The editors’ bosses also have their own club, which is equally inarticulate: Print and Digital Media South Africa or PDMSA (formerly trading as Print Media South Africa), which is essentially a collective of the cartel that currently owns newspapers or owns news websites (which is effectively the same people). PDMSA is currently running a rather questionable “transformation exercise”, having set up its own Print and Digital Media Transformation Task Team, which is going to start conducting public hearings on how to transform itself (better known as turkeys avoiding voting for Christmas). The task team’s having a bit of a tough time, though, as so far it’s only got round to asking its own members to take part in the conversation – forgetting, somehow, to ask civil society organisations such as the Right2Know to make submissions, and excluding a whole barrage of academic and civil society formations from the discussion.

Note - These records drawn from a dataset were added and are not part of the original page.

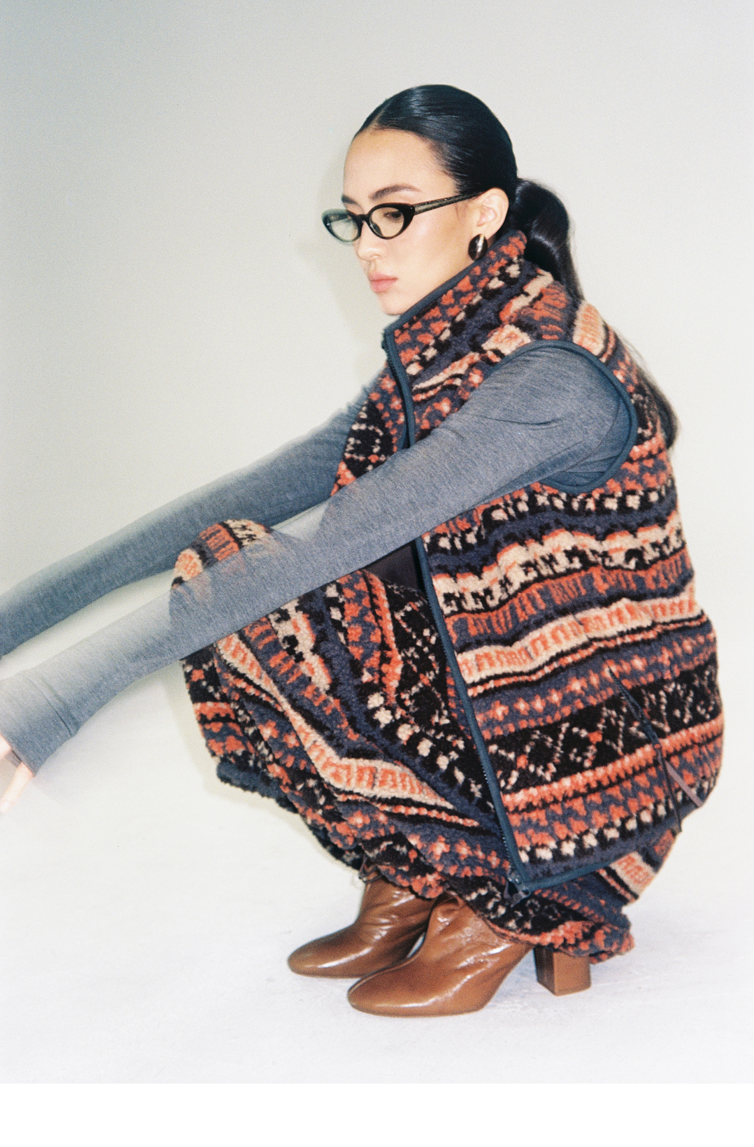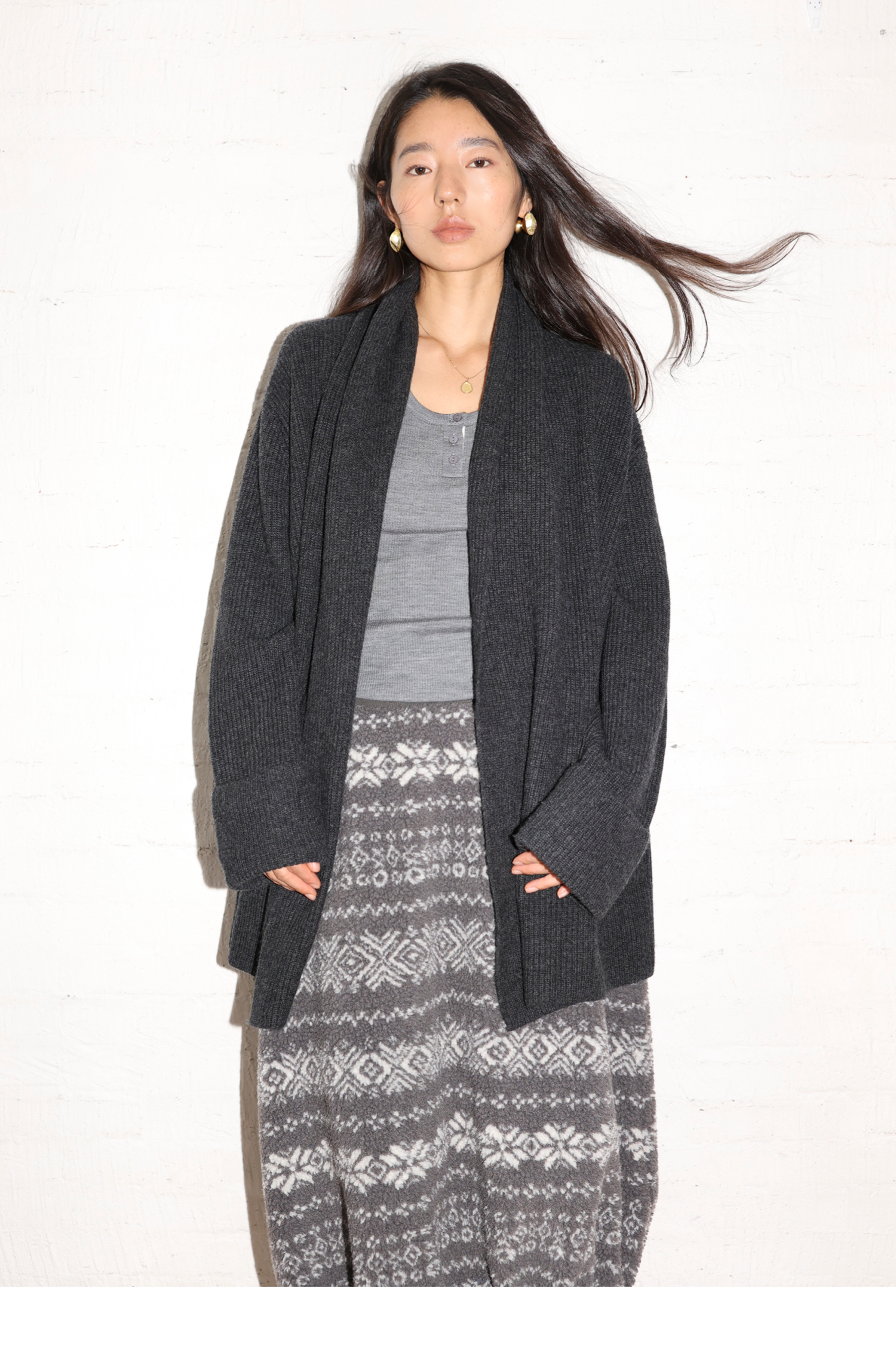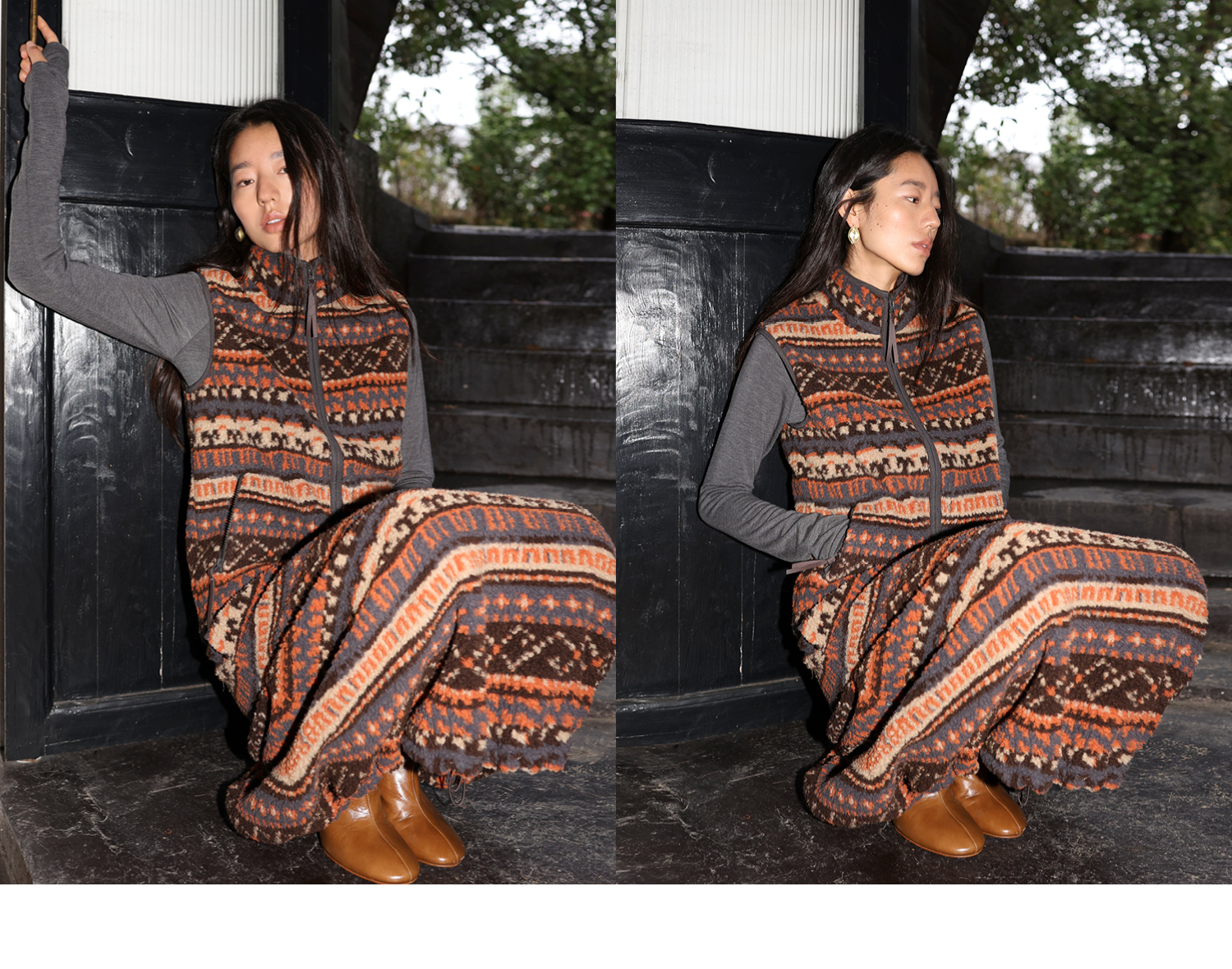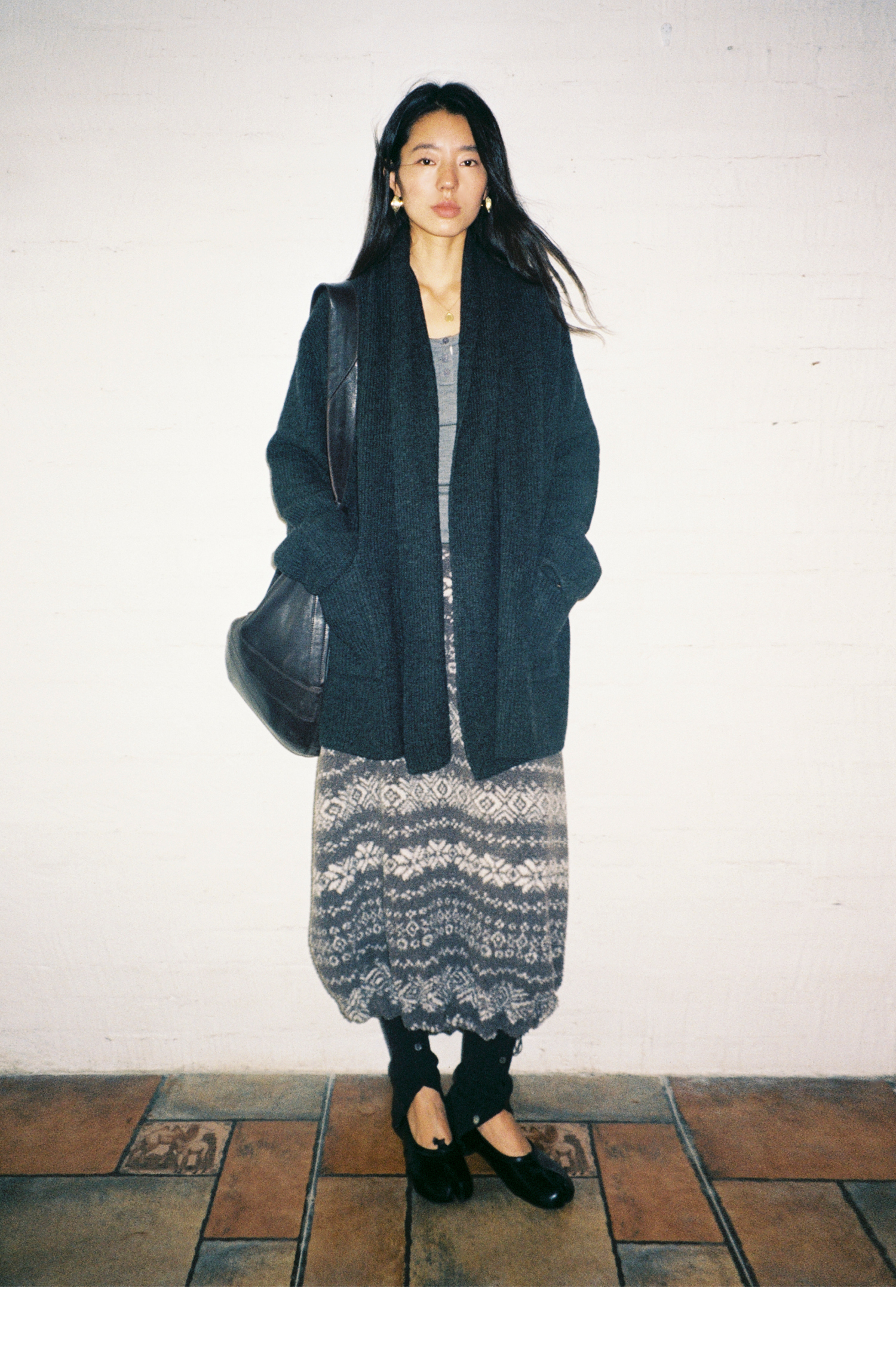 素舶 费尔岛摇粒绒罗纹松紧腰下摆抽绳保暖长半裙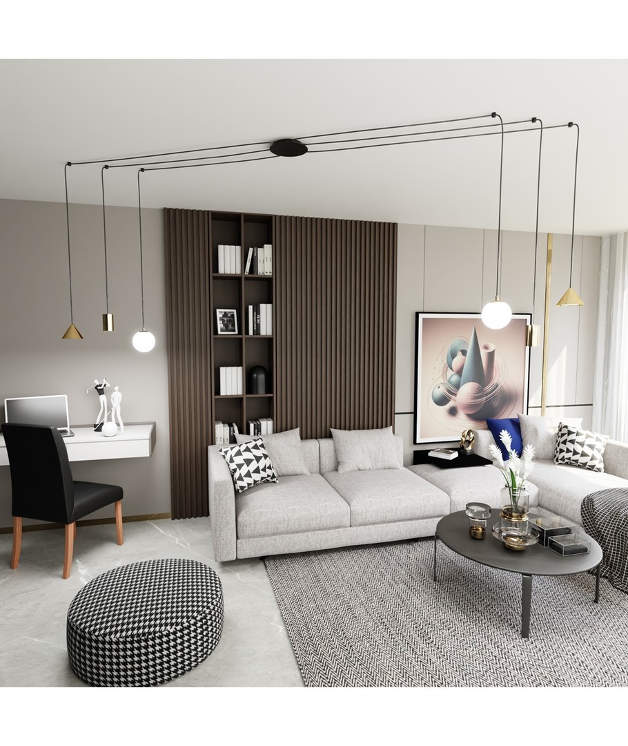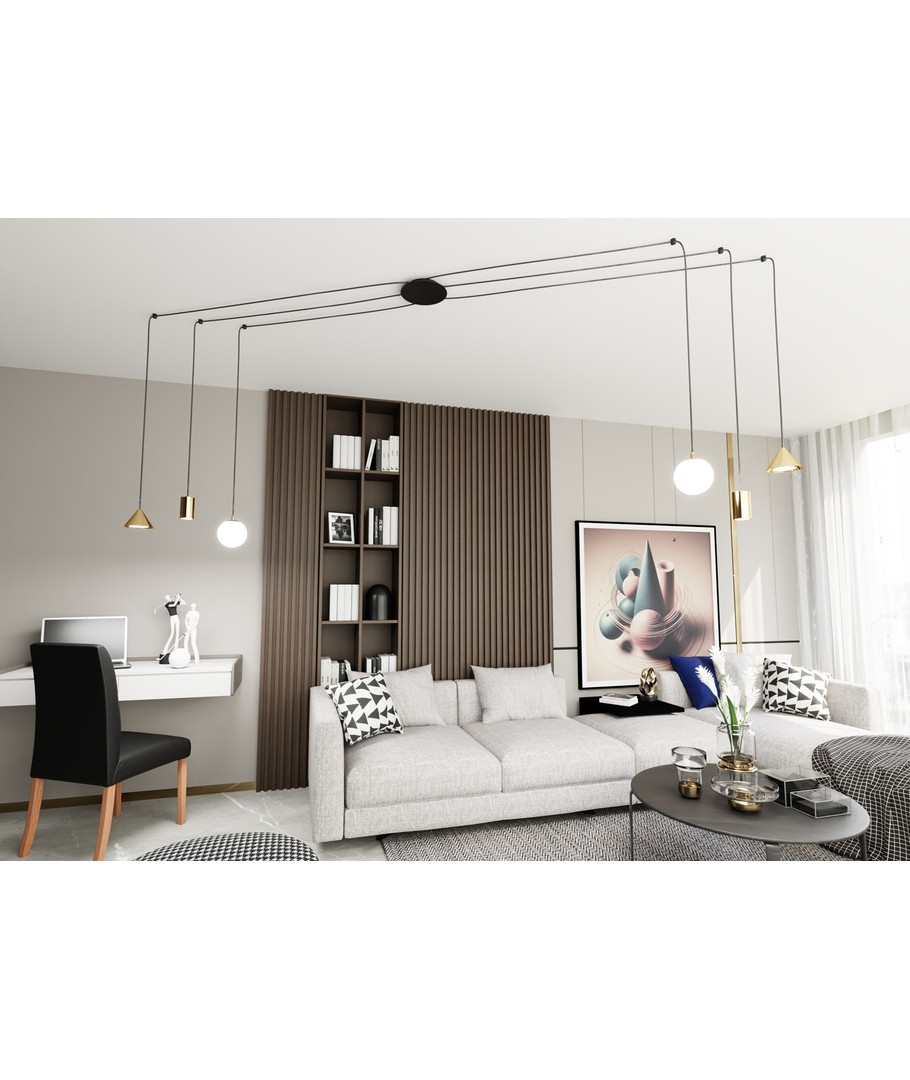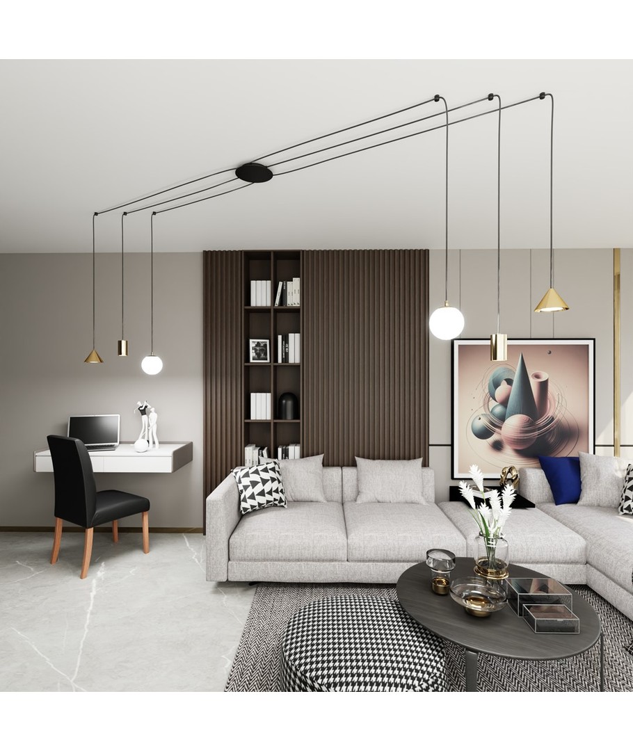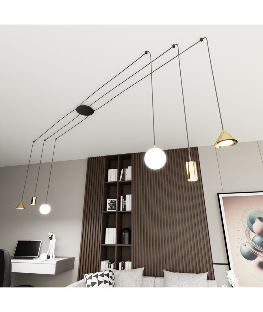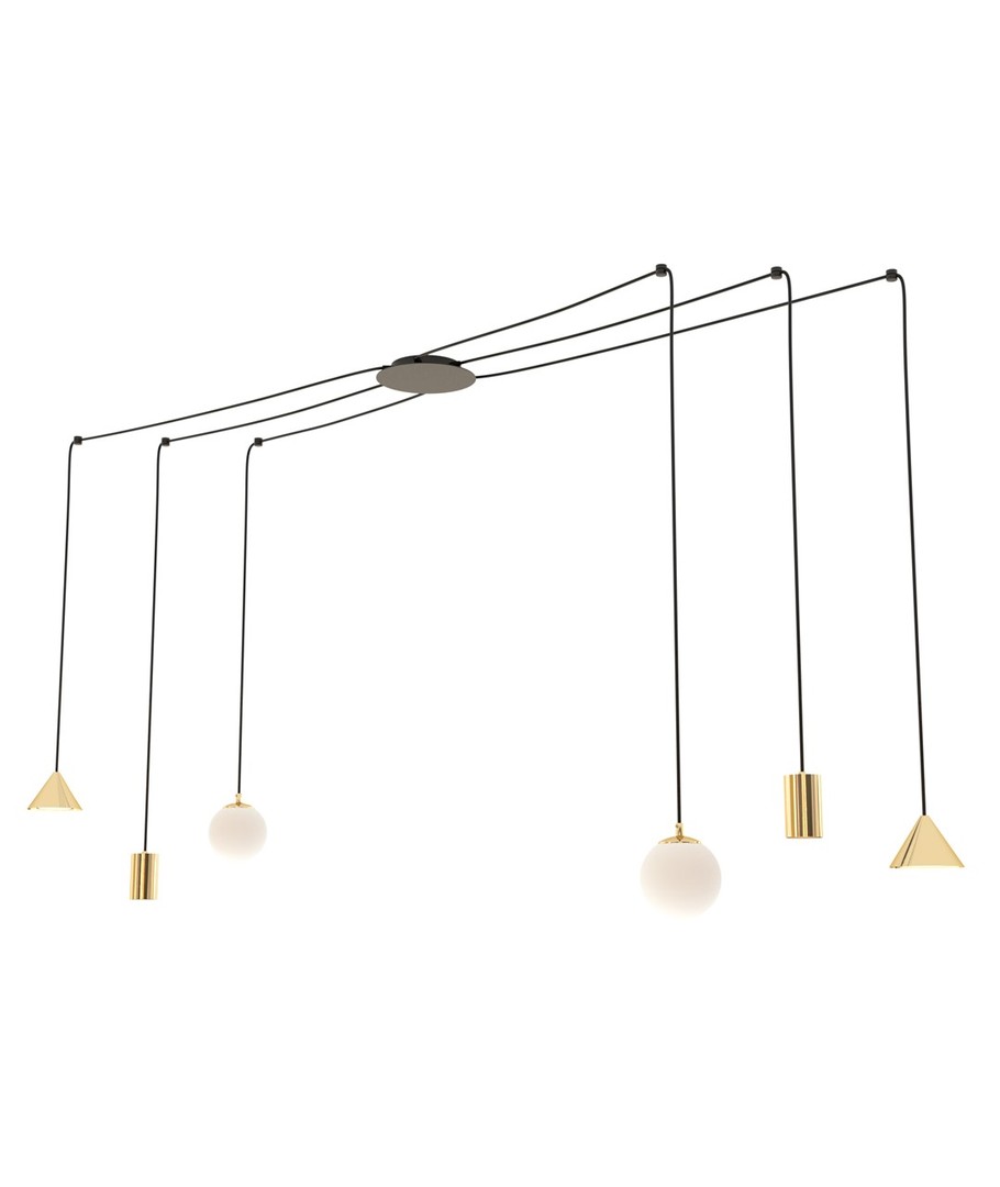 Oppgrader hjemmet ditt med Fuji 6 Gull pendellampe, hvor stil møter funksjonalitet for en unik belysningsopplevelse.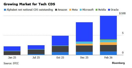 That fear is breathing new life into the market for credit derivatives, where banks, investors and others can protect themselves against borrowers larding on too much debt and becoming less able to pay their obligations. Credit derivatives tied to single companies didn’t exist on many high-grade Big Tech issuers a year ago, and are now some of the most actively traded US contracts in the market outside of the financial sector, according to Depository Trust & Clearing Corp.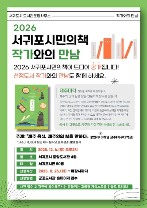 한방통신사 신유철기자 기자 | 서귀포시는 12월 6일 오후 2시, 서귀포시 중앙도서관에서 2026년 서귀포시민의 책으로 선정된 '제주미각'의 저자 이하영 교수를 초청해 작가와의 만남을 운영한다.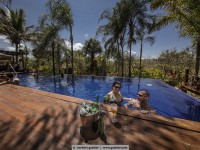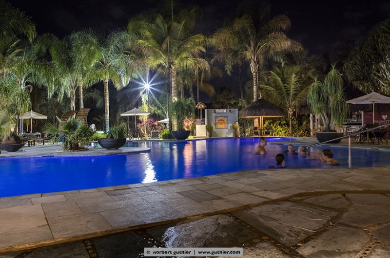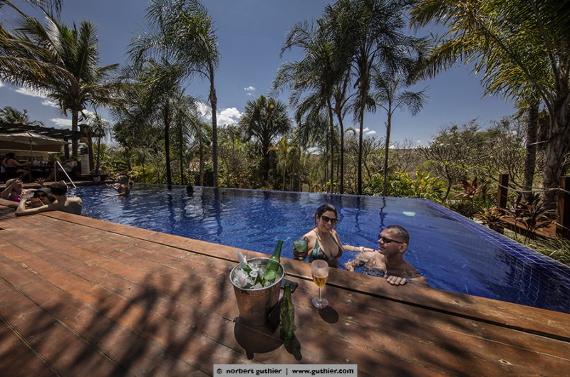 Actually, we were looking for a really good Japanese restaurant. The internet led us to Tsu Jiro Sushi in Pirenópolis. On site it turned out to be one of three restaurants in the Hotel Villa do Comendador. And we were not disappointed: The sashimi was delicious. Moreover, the hotel manager ALeandro Neres was so generous to offer our motorhome a parking place for the night. Thus, we could enjoy the beautiful garden and the thermal pool of the Villa do Comendador and had a quiet overnight place at the turbulent Dia da Independência do Brasil.

Not to mention the rest of society.

So if you’re looking for something that professes to represent the “national” voice of “the media”, you could be excused for expecting that voice to be called the National Press Club. 

In the same vein, if you were the National Press Club and you were asked to identify the AON Newsmaker of the Year, you could be excused for choosing the rhino over Marikana, the ANC’s Mangaung conference, or the Limpopo textbook saga. 

Particularly if your newsmaker award was sponsored by insurance giant AON, best known globally for:

The $190-million settlement reached with the US government in 2005 after New York attorney-general Eliot Spitzer found rampant conflicts of interest in how AON paid commissions to agents.

The 5-million sterling fine imposed by the British Financial Services Authority in 2009 for AON’s “inadequate bribery and corruption controls”.

The $16-million penalty paid in December 2011 to the US Securities and Exchange Commission and the US Department of Justice for violations of the US Foreign Corrupt Practices Act. 

There’s also the not-quite-tangential matter of AON being South Africa’s only provider of insurance cover for rhino farmers. That’s right: your recently-awarded news-making rhino can get insurance cover from AON, thanks to its “Rhino Insurance” product, pitched to long-suffering rhino farmers as “an innovative insurance solution for an out-of-control problem”. For a small fee (and the de-horning of your rhinos) you can get a healthy payout every time someone snatches one of your herd to use your horns to make others horny.

Such economic opportunism is not too far removed from the NPC’s own mission statement, which outlines the NPC’s raison d’etre as follows: “To survive in an increasingly competitive international environment, being globally aware and locally relevant makes good business sense.”

“Good business sense”? From a Press Club?

The National Press Club shows no integrity in the constitution of its membership, its public statements on behalf of the media, or its handling of conflicts of interests. 

It makes a perfect bed-fellow for one of the world’s most corrupt corporate citizens. And its decision to make one of its sponsors’ key South African products the South African newsmaker of the year shouldn’t come as a surprise to anyone. 

Save the rhino? Someone needs to save the National Press Club. DM

Chris Vick runs Black, a communications consultancy. He wouldn’t touch AON – or the National Press Club – with a barge-pole.